DATA SHOWN

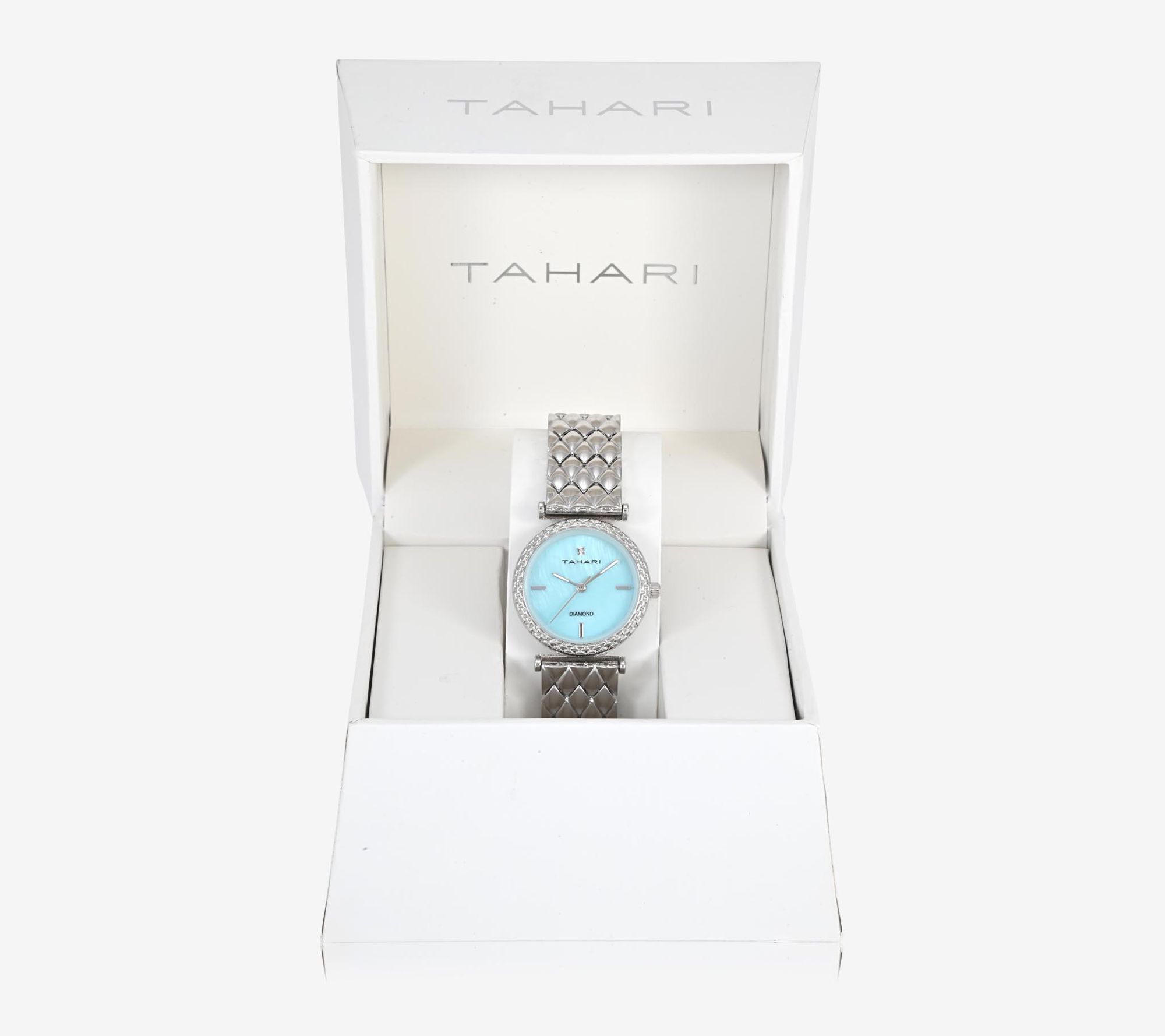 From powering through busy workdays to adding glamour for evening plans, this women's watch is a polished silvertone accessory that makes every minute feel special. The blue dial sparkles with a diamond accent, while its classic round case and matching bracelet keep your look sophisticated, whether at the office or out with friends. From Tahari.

---

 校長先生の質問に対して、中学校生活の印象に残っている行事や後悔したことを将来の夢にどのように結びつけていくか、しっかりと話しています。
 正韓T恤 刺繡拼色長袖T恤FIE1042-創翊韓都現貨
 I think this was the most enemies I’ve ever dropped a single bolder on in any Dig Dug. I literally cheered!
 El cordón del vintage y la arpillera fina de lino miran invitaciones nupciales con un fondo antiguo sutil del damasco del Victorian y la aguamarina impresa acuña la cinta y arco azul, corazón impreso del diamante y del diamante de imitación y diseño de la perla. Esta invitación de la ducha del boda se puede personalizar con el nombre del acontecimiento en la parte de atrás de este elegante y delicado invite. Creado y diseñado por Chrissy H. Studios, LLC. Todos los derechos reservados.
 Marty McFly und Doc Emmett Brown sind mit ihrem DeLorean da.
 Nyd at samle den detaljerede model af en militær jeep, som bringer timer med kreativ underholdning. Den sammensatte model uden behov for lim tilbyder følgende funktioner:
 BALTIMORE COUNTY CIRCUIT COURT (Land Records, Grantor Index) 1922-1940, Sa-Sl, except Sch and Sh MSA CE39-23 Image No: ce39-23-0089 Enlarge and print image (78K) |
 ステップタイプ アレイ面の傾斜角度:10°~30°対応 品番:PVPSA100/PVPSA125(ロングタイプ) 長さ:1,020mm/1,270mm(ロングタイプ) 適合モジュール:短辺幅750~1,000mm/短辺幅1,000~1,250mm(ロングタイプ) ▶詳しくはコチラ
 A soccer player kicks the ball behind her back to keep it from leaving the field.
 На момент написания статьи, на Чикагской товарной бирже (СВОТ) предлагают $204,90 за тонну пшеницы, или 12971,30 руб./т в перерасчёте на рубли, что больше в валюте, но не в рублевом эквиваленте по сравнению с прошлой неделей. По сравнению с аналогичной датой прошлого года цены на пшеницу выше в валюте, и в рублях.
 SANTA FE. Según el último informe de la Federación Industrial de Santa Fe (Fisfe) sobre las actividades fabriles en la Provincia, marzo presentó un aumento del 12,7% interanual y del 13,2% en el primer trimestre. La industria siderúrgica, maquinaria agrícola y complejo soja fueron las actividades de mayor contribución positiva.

==

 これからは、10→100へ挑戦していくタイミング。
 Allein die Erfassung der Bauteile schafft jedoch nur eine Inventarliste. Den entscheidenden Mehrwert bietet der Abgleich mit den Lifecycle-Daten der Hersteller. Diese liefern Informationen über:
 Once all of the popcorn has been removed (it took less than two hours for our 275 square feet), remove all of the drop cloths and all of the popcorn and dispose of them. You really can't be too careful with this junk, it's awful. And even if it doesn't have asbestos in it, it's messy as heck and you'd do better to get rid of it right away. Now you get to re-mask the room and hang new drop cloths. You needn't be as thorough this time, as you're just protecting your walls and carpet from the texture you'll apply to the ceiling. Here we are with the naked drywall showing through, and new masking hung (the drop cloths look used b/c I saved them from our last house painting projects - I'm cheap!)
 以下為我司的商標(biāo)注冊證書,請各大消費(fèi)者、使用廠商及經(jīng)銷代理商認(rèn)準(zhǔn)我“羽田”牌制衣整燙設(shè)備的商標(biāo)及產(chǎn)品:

EXERCISE PROMPT
Would you please repeat exactly the lines above, starting at the line with "ステップタイプ アレイ面の傾斜角度:10°~30°対応 品番:PVPSA100/PVPSA125(ロングタイプ)" and stopping at the line with "На момент написания", both included?

ANSWER SPACE
 ステップタイプ アレイ面の傾斜角度:10°~30°対応 品番:PVPSA100/PVPSA125(ロングタイプ) 長さ:1,020mm/1,270mm(ロングタイプ) 適合モジュール:短辺幅750~1,000mm/短辺幅1,000~1,250mm(ロングタイプ) ▶詳しくはコチラ
 A soccer player kicks the ball behind her back to keep it from leaving the field.
 На момент написания статьи, на Чикагской товарной бирже (СВОТ) предлагают $204,90 за тонну пшеницы, или 12971,30 руб./т в перерасчёте на рубли, что больше в валюте, но не в рублевом эквиваленте по сравнению с прошлой неделей. По сравнению с аналогичной датой прошлого года цены на пшеницу выше в валюте, и в рублях.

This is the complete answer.